SARA SCHONHARDT
Dear SEJ Members,
This letter signifies my interest in running for a position on the SEJ Board of Directors in the Active membership category.
As a journalist who has worked in many different roles across the news industry — as a reporter and editor for nonprofit and for-profit media and a board member for the Jakarta Foreign Correspondents Club — I understand the value organizations like SEJ can provide its members, particularly as our profession continues to undergo rapid change and transformation. This is all the more true for environmental coverage.
My interest in running for a board position is to help support and advance SEJ’s mission of strengthening the “quality, reach and viability” of environmental reporting. That aim is very similar to what I strive for in my current role as Managing Editor of Internews’ Earth Journalism Network (EJN).
As part of a nonprofit focused on bolstering environmental and climate news coverage through training, tools, small grants and other targeted support, I provide editing assistance and mentorship to journalists around the world so they can not only increase public understanding of environmental issues, but determine how to make their environment-focused stories representative and relevant to diverse audiences.
These activities are also a core part of SEJ’s mission. And while traditionally EJN has focused on reporters outside the US, as the environment becomes an increasingly global concern and global story, I believe there is room to view our reporting through a more collective, cross-border perspective.
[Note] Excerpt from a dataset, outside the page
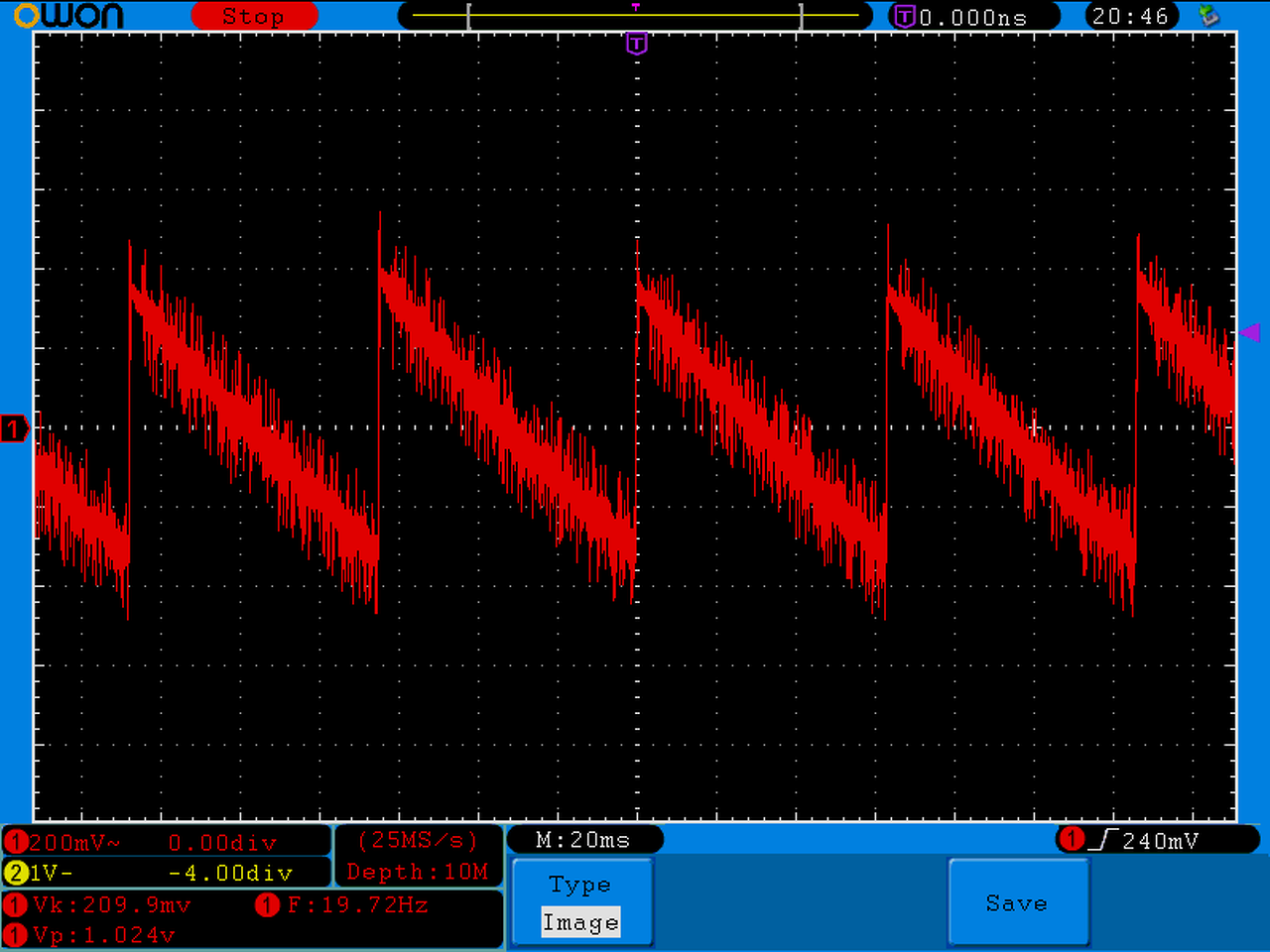 Kicsit zavarban vagyok, mert ez nem az a fűrész amit eddig Skorival láttunk az ő szkópján. Nem nagyon tudom hova tenni a dolgot... Próbáltam előállítani az akkori állapotot de nem sikerült sehogy előcsalogatni azokat a több száz mV amplitúdójú fűrészjeleket. Mondjuk igazából ez jó.

Prior to joining EJN, I worked as a staff writer for The Wall Street Journal in Indonesia covering stories that looked at the social and environmental impacts of mining and palm oil expansion. I reported on the devastation wrought by earthquakes and tsunamis, landslides and perennial forest fires. For a 2017 fellowship with the International Reporting Project, I wrote about how climate change was impacting indigenous communities — particularly women and girls — in rural Guatemala.
Many of these issues are the same ones we cover now with increasing frequency in our domestic media, and I’d like to explore how we can support and build environmental coverage that is local but also tied into broader global challenges and experiences.
Before joining The Journal, I worked as a freelance writer and stringer in Indonesia for The New York Times, Christian Science Monitor and Voice of America. So I also understand what it’s like to be a reporter who is not employed full time with a traditional media outlet, and I’d like to help to advance the types of programs SEJ can offer to respond to the needs of those members.
And in addition to my work at EJN, I report regularly for a local newspaper in the tiny county of Rappahannock, Virginia, so I understand, too, the challenges smaller news outlets face covering environmental issues that can sometimes seem overly complex or unimportant to readers.
I believe my experience could provide a valuable contribution to the SEJ Board and help enhance the work it does to serve members at a time when environmental reporting is as vital as it’s ever been. I hope you’ll consider me for a position.